I was weighed first. I desperately tried to think of something heavy - like an elephant, but apparently it was shrunken by Dr. What's-his-face from 'Honey I Shrunk The Kids' cause I'm down another 5 pounds.
I've gone from simply skinny to moderately malnourished.
Did I fool any of you into thinking that I haven't been malnourished for years?
Unfortunately, as explained to me by the CF team in Halifax, it's a vicious cycle.
Crusty lungs + craptastic appetite = crustafiably craptastic numbers on the scale.
My lung function has also plummeted. So you see? The Halifax team is brilliant...and I need to eat a boat load of cheeseburgers and milkshakes.
I've been on many different antibiotics the last few months and they only seem to buy me a bit of time before I sink back into an energy zapping, torturous breathing vortex.
So it's time to hit 'em hard. Send the liquid army in to attack and stomp all over the infection's face.
I'm all tucked into my hospital room.
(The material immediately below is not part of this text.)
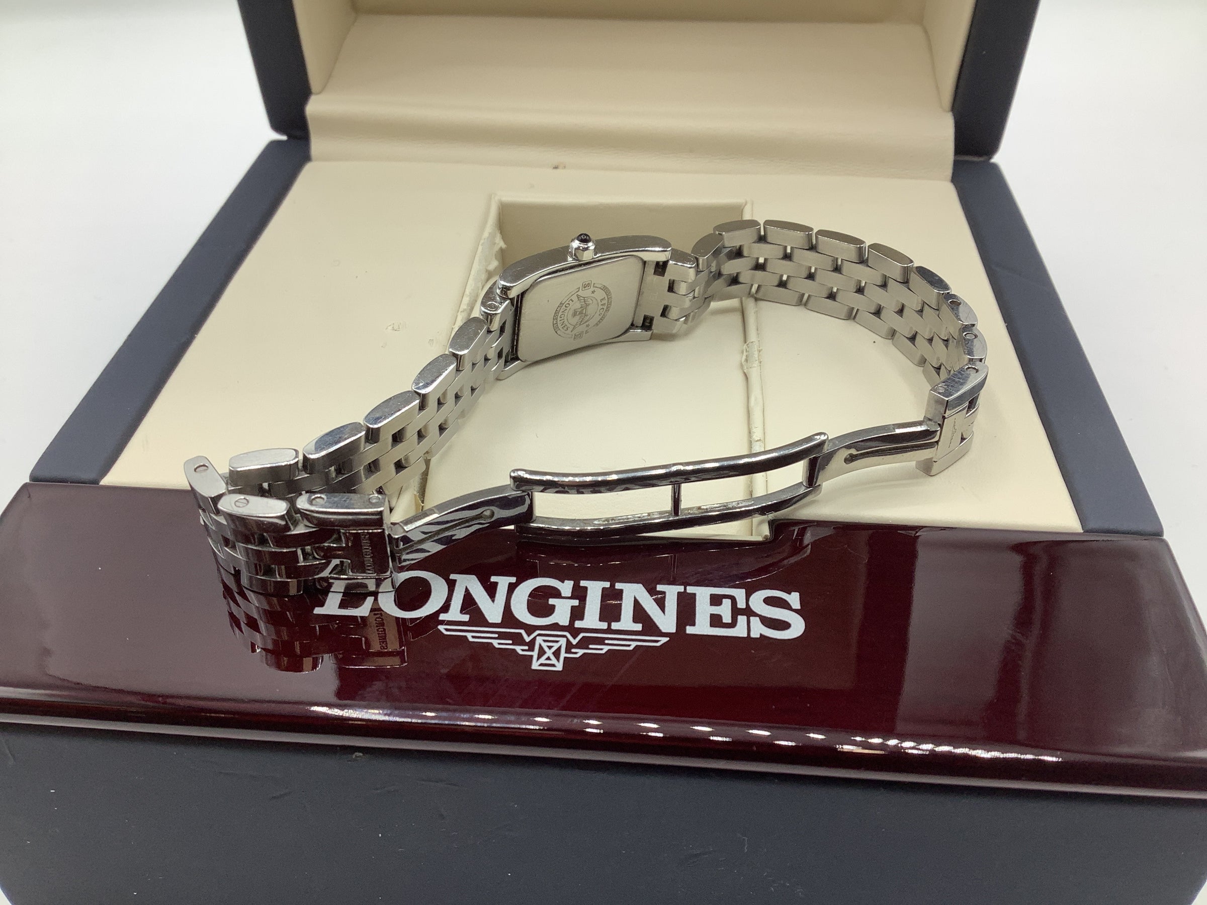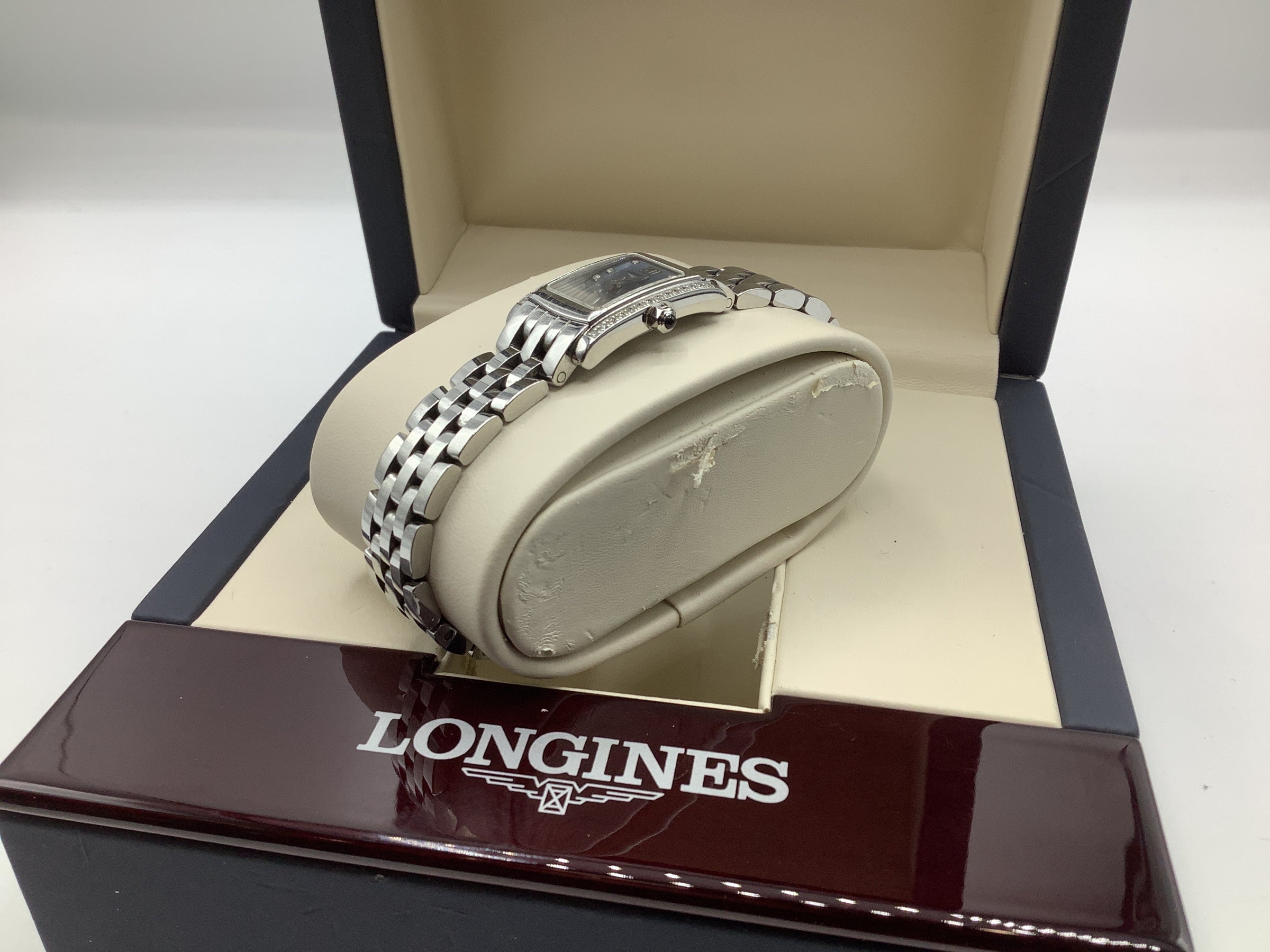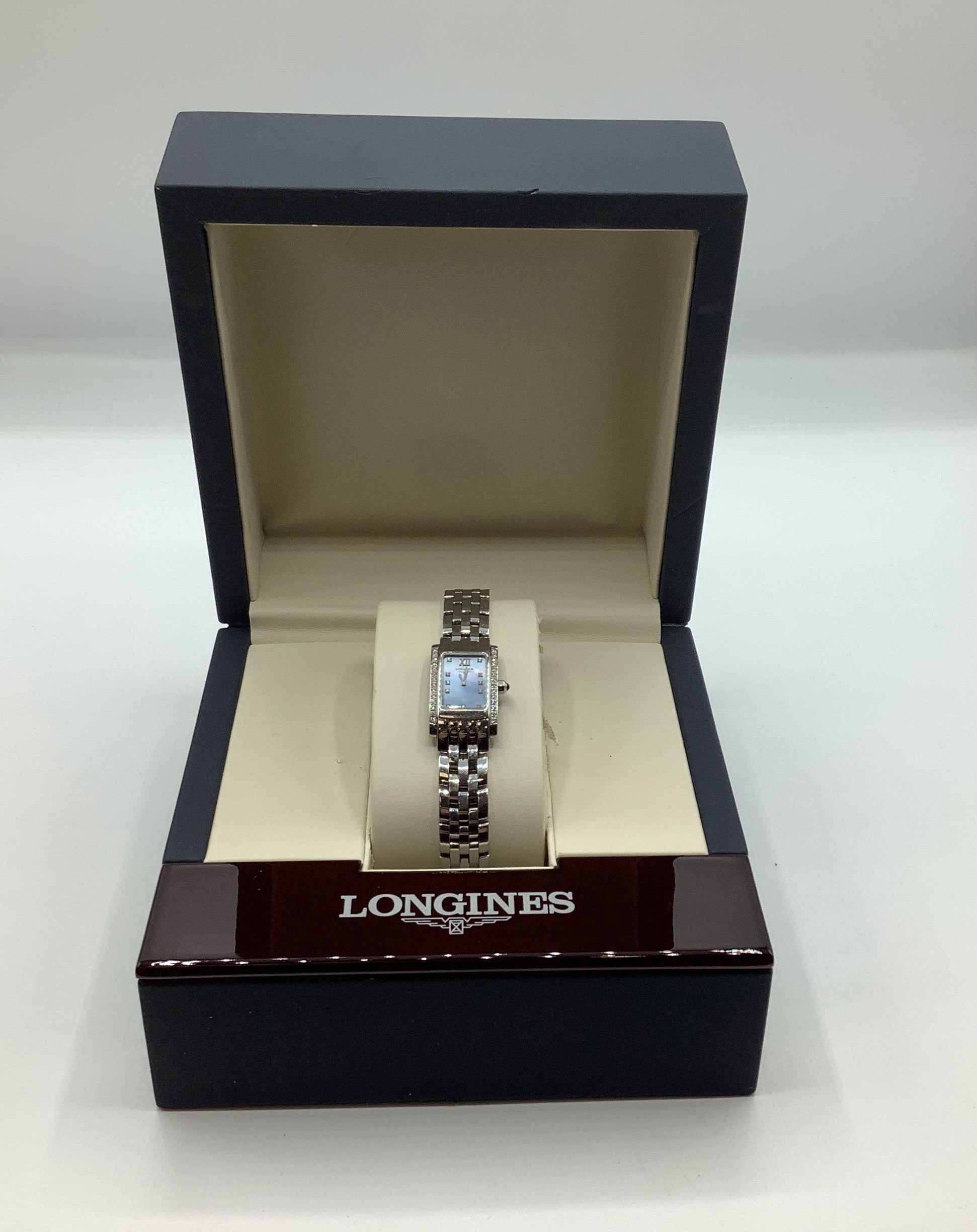 The Longines Dolce Vita L5.158.0 Diamond Set women’s watch is an elegant expression of refined Swiss watchmaking, distinguished by its luxurious detailing. Crafted in polished stainless steel, the rectangular case is enhanced with a diamond-set bezel, adding a subtle yet sophisticated brilliance. The dial features a striking blue mother-of-pearl finish, offering natural iridescence and depth, complemented by delicate hour markers and elegant hands. Powered by a Swiss quartz movement, the watch delivers reliable precision and effortless everyday wear. This watch comes with a polished metal bracelet and is protected by a scratch-resistant sapphire crystal.

The cool part is that it's the same room I had in July. Kinda like being at home...well, except not. Great view of the church next door and the evening drug deals. At the moment my windows are wide open and I am having the incredible audio experience of squealing siren after siren. Ahhh the magic...
Mom has gone home to look after the G-man and to explain to him where his mama is. I'm sure he'll understand.
I've been busy getting poked and prodded:
|Pretty awkward spot for an IV|
They wanted to put it in my hand, but I refused as I need my hands free to type the ridiculousness that emanates from my half working (at the moment) brain. I hope you all appreciate it.